So the cufftComplex type is an array with n structs with an x and a y-field, respectively representing the real and the imaginary parts of each complex number.

On the other hand, if I want to create a vertex buffer object in OpenGL with an x- and y- field, i.e. a 2D vertex or just a vertex buffer object that also represents n complex numbers, I would have to create a 2n sized array of floats with a layout like this:

x0 y0 | x1 y1 | ... | xn yn

I then write it to the VBO by calling:

glBufferData(GL_ARRAY_BUFFER, n * sizeof(GLfloat), complex_values_array, GL_DYNAMIC_DRAW);

I would like to Fourier-transform an image with cuFFT, and display e.g. the magnitude of the complex values. How do I resolve this incompatibility between the two data types? Is there a way for cuFFT to act on VBO's?


Perhaps I should write a CUDA-kernel that takes the cufftComplex type and maps the magnitude of each complex number to a 1D-VBO. Or a CUDA-kernel that maps the cufftComplex type to a 2D-VBO. I do not know what the overhead would be, since it's device-> device I expect it to be manageable.

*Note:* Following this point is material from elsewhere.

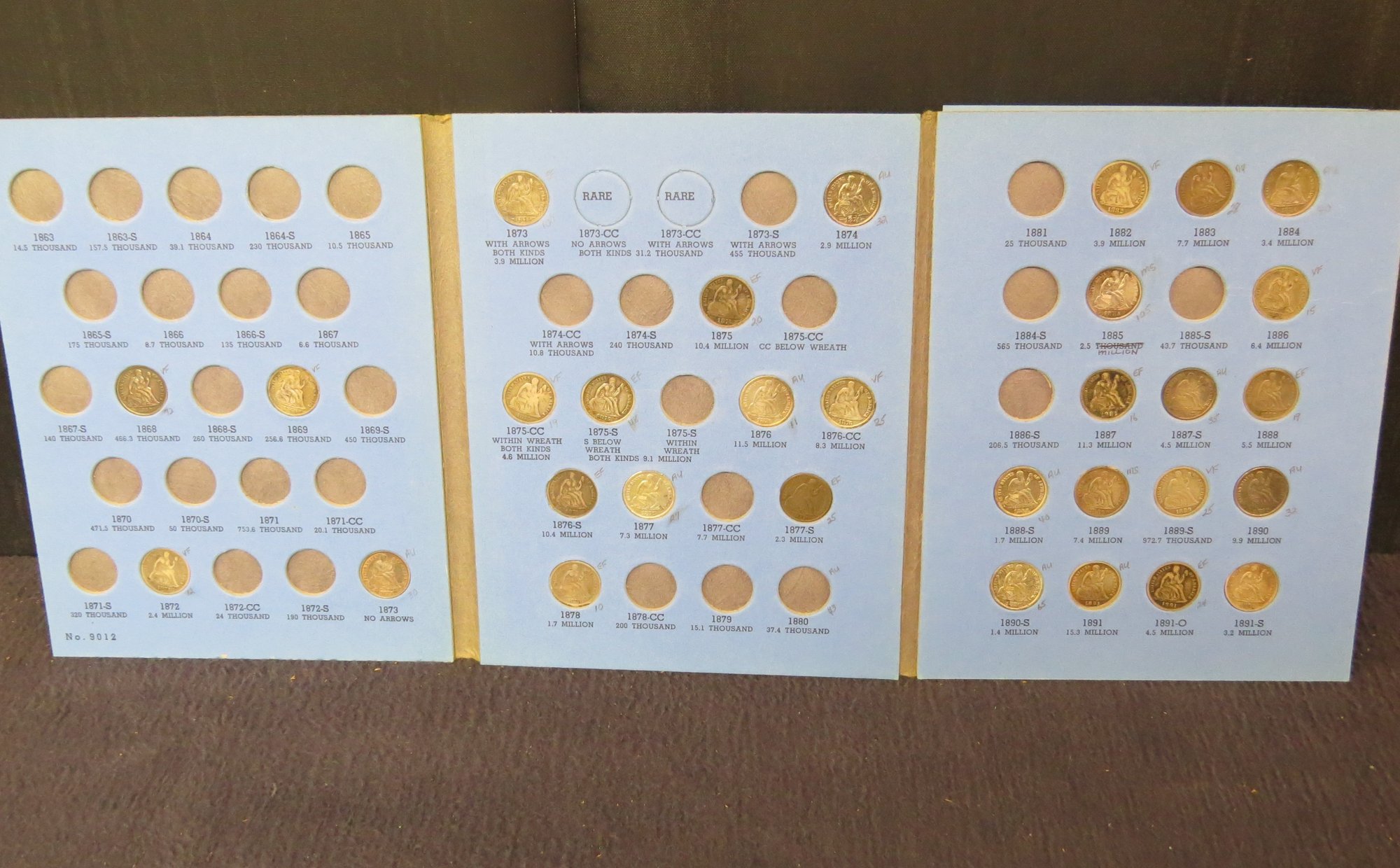 dimes consisting of; 1868, 1869, 1872, 1873 no arrows, 1873 with arrows, 1874, 1875, 1875 CC with wreath, 1875-S below wreath, 1876, 1876 CC, 1876-S, 1877, 1877-S, 1878, 1882, 1883, 1884, 1885, 1886, 1887, 1887-S, 1888, 1888-S, 1889, 1889-S, 1890, 1890-S, 1891, 1891-O, 1891-S
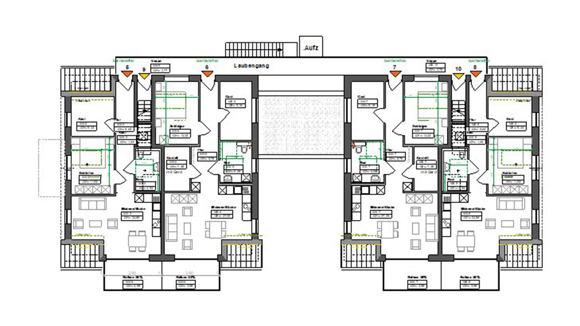 Hofseitiger Neubau von 11 überwiegend barrierefreien Wohneinheiten

cufft can stride and scatter both its input and its output, just like FFTW can. But if you want to display the magnitude of the complex values, that is a separate issue. It needs to be calculated. It's not merely an "incompatibility between the two data types".Robert Crovella
Yes but I thought I could feed complex values to the vertex shader and calculate the magnitude there.Jan M.
Probably you could. That's the first mention of your intention to write a shader that I've seen in the question, although I acknowledge its tagged glsl. Anyway its not an incompatibility between datatypes. It's a calculation that has to be performed; cufft won't do that for you. You could do it in a CUDA kernel (and also do any necessary data shuffling there as well) or perhaps in a shader. Anyway, using CUDA-OpenGL Interop, you could map an OpenGL resource to CUDA. CUFFT (or your magnitude/shuffle kernel) could populate that resource, and then you could turn it back over to OpenGL.Robert Crovella
That's ultimately what I did, a CUDA kernel that takes cufftComplex and writes it to an openGL resource. The performance impact wasn't too bad.Jan M.
@PatronBernard: Could you add your solution as an answer please, so that this question falls off the unanswered queue?talonmies

1 Answers


I managed to resolve this issue by writing a kernel as follows:

__global__ void cufftComplex2Float(float* vbo_magnitude, Complex *z, const int width, const int height){
    unsigned int i = blockIdx.x*blockDim.x + threadIdx.x;
    unsigned int j = blockIdx.y*blockDim.y + threadIdx.y;
    float magnitude = pow(z[j*height + i].x, (float)2) + pow(z[j*height + i].y, (float)2);
    vbo_magnitude[j*height + i] = (PI2 + atanf(sqrt(0.1*magnitude))) / PI;

It involves no host-device transfers so it's pretty quick.